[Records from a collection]

════════════════

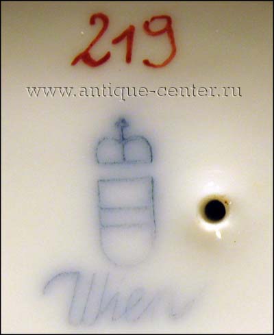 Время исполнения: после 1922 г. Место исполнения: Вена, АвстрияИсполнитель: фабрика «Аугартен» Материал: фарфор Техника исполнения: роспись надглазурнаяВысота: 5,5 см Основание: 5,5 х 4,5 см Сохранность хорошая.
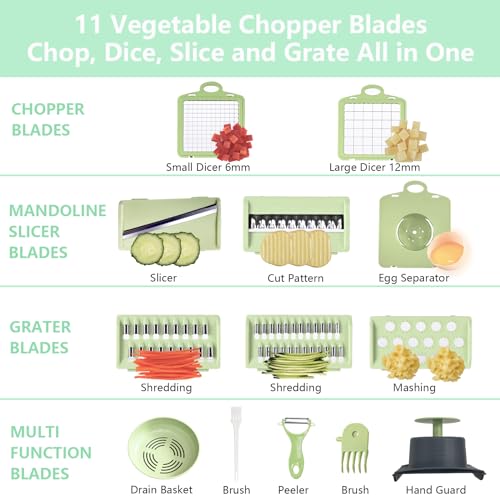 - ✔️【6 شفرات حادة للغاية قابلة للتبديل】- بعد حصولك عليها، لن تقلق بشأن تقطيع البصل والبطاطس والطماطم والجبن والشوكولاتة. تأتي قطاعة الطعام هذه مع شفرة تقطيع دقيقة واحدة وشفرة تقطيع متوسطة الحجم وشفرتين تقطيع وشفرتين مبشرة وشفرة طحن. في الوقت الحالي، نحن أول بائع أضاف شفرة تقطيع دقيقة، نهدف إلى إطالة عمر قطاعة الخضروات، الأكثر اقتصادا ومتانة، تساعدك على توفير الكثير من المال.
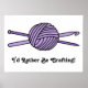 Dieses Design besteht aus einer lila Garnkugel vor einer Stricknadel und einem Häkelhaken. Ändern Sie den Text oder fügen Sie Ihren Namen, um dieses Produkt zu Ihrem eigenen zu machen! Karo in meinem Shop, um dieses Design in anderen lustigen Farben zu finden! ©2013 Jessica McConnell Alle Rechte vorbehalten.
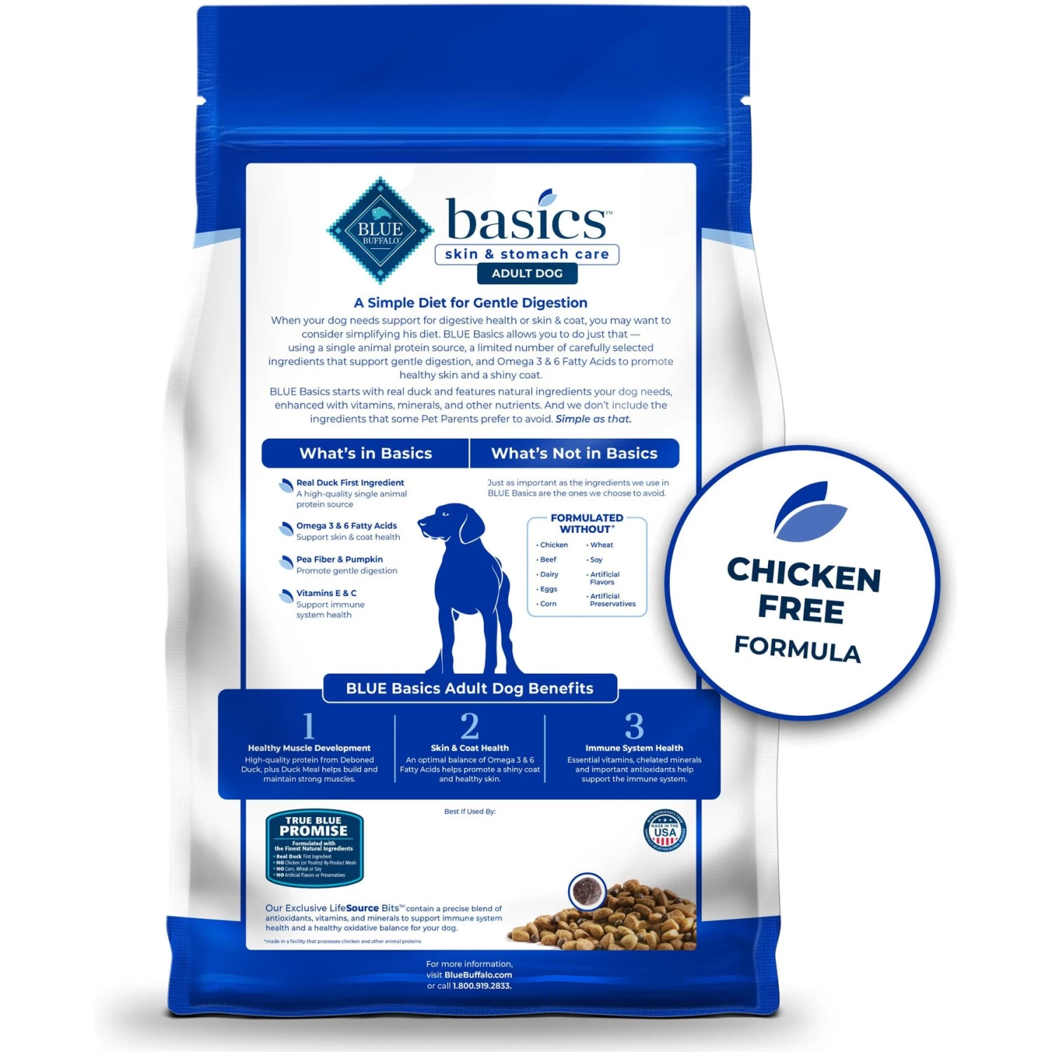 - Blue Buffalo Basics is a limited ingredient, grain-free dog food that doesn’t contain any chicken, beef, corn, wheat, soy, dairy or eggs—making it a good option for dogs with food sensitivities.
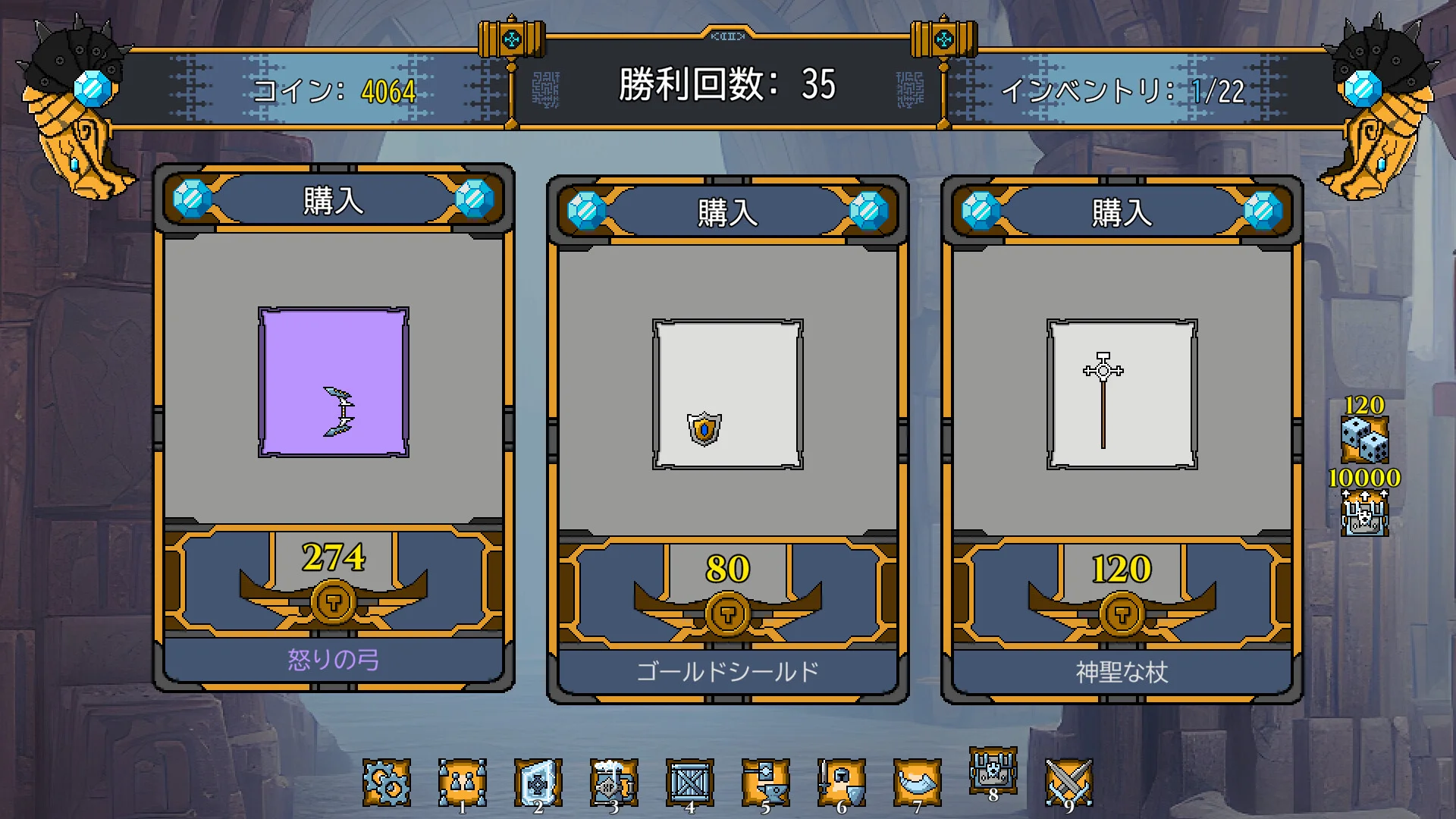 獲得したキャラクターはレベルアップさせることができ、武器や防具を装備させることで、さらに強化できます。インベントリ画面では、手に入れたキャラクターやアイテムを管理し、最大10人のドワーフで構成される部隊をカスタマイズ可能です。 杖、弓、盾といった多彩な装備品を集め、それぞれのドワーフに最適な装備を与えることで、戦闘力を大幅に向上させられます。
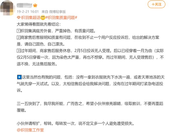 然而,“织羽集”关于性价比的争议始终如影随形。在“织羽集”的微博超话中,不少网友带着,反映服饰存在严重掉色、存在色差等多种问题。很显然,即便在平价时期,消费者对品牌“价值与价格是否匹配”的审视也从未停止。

════════════════

## Directions for this task
What is needed is every record above, restated word for word, with the pictures left out.

## Expected answer
 Время исполнения: после 1922 г. Место исполнения: Вена, АвстрияИсполнитель: фабрика «Аугартен» Материал: фарфор Техника исполнения: роспись надглазурнаяВысота: 5,5 см Основание: 5,5 х 4,5 см Сохранность хорошая.
 - ✔️【6 شفرات حادة للغاية قابلة للتبديل】- بعد حصولك عليها، لن تقلق بشأن تقطيع البصل والبطاطس والطماطم والجبن والشوكولاتة. تأتي قطاعة الطعام هذه مع شفرة تقطيع دقيقة واحدة وشفرة تقطيع متوسطة الحجم وشفرتين تقطيع وشفرتين مبشرة وشفرة طحن. في الوقت الحالي، نحن أول بائع أضاف شفرة تقطيع دقيقة، نهدف إلى إطالة عمر قطاعة الخضروات، الأكثر اقتصادا ومتانة، تساعدك على توفير الكثير من المال.
 Dieses Design besteht aus einer lila Garnkugel vor einer Stricknadel und einem Häkelhaken. Ändern Sie den Text oder fügen Sie Ihren Namen, um dieses Produkt zu Ihrem eigenen zu machen! Karo in meinem Shop, um dieses Design in anderen lustigen Farben zu finden! ©2013 Jessica McConnell Alle Rechte vorbehalten.
 - Blue Buffalo Basics is a limited ingredient, grain-free dog food that doesn’t contain any chicken, beef, corn, wheat, soy, dairy or eggs—making it a good option for dogs with food sensitivities.
 獲得したキャラクターはレベルアップさせることができ、武器や防具を装備させることで、さらに強化できます。インベントリ画面では、手に入れたキャラクターやアイテムを管理し、最大10人のドワーフで構成される部隊をカスタマイズ可能です。 杖、弓、盾といった多彩な装備品を集め、それぞれのドワーフに最適な装備を与えることで、戦闘力を大幅に向上させられます。
 然而,“织羽集”关于性价比的争议始终如影随形。在“织羽集”的微博超话中,不少网友带着,反映服饰存在严重掉色、存在色差等多种问题。很显然,即便在平价时期,消费者对品牌“价值与价格是否匹配”的审视也从未停止。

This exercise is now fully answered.